Source Network helps developers migrate to an entirely decentralized tech stack. One that effortlessly bridges the divide from a desktop to mobile dApp, because the infrastructure that powers it is entirely decentralized and device-agnostic in the first place. With DefraDB’s modular deployment any DEX can create a mobile dApp with DefraDB embedded, automatically syncing data like say order books from the edge to the network.
A Key, and the Key, to Everything
That's just developers. For users, data on mobile can be kept sacrosanct, instead of being pillaged at every turn. Imagine an internet where instead of your interface device (currently the smartphone) betraying your location, your habits, your spending, your behaviors, it instead protects you. An all in one cypher key to your ownership of the digital economy, that also contributes to and yields from the network only with your permission.
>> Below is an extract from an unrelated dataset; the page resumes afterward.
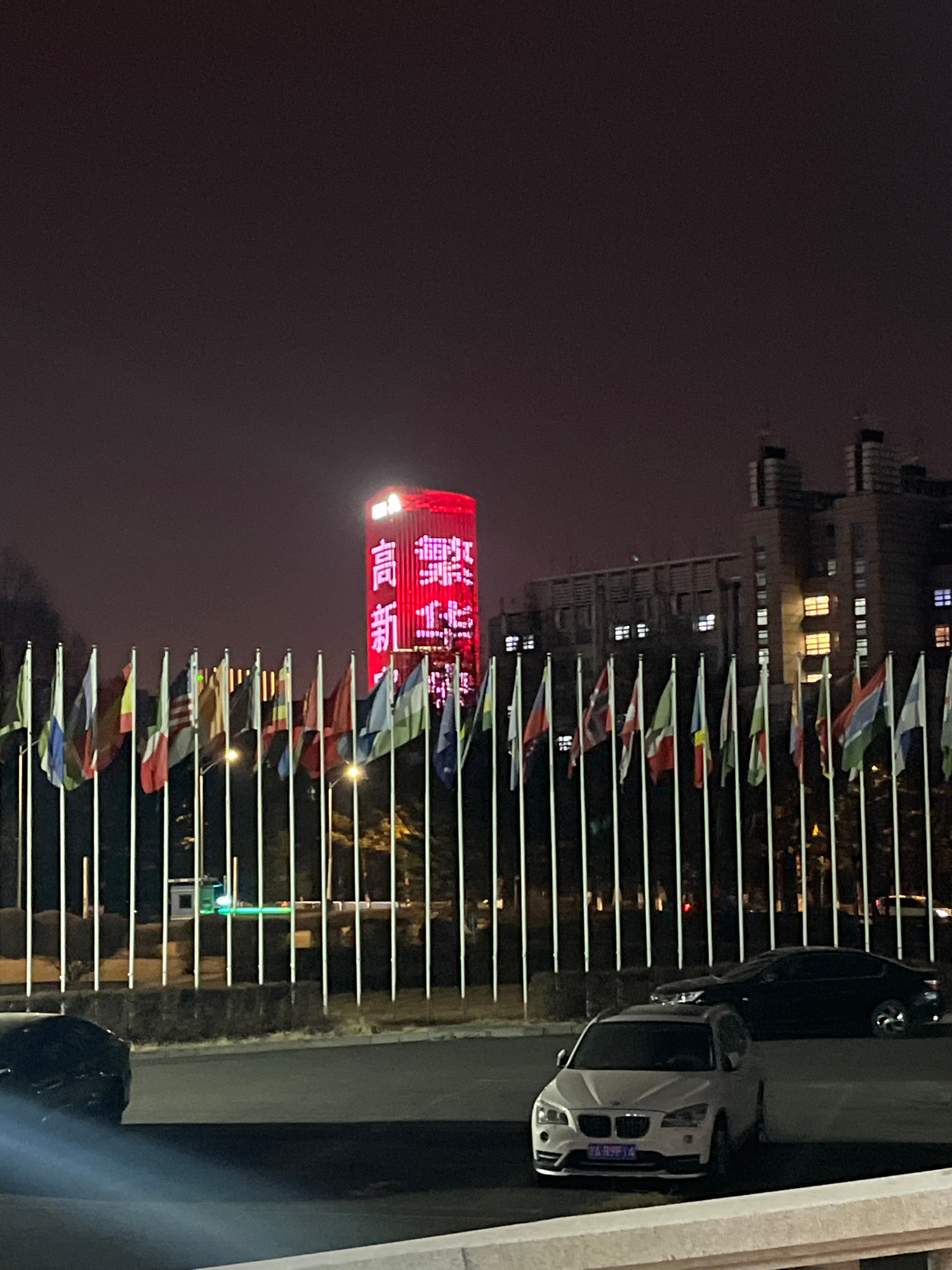 The image depicts a nighttime scene in Changchun City, China. A brightly lit red tower, displaying Chinese characters vertically, dominates the left side of the frame. Rows of international flags on pā¦read more

A device that, although powerful, can still be lost. To counteract this, mobile devices would have a local node embedded within the dApp - that node can sync the data between the user devices, should you want full control over your data, so wherever the app is installed, the data will sync across. Resyncing is easy, and only requires installing the app on a new device. Alternatively, you could have DefraDB backup the data to one of many decentralized data networks, like Arweave, Filecoin, Dfinity, or Akash, no longer needing to keep in-sync copies on multiple devices.
This paves the way to a world where your internet, your services, and all the profit from it are locally sourced and widely distributed, not monopolized by huge actors. And where the only giant, global networks that exist are the basic utilities of life - money, identity, healthcare records - and anyone with a smartphone profits from their stake in sustaining it.
It’s a bold vision. And in a few years it will become an expanding reality. Our smartphones will be our access points not just to an internet that’s everywhere, but an internet of everything. Bringing Web3 to mobile may start with just helping user’s trade better non-custodially, but it ends with an open dynamic internet right in the palm of your hand.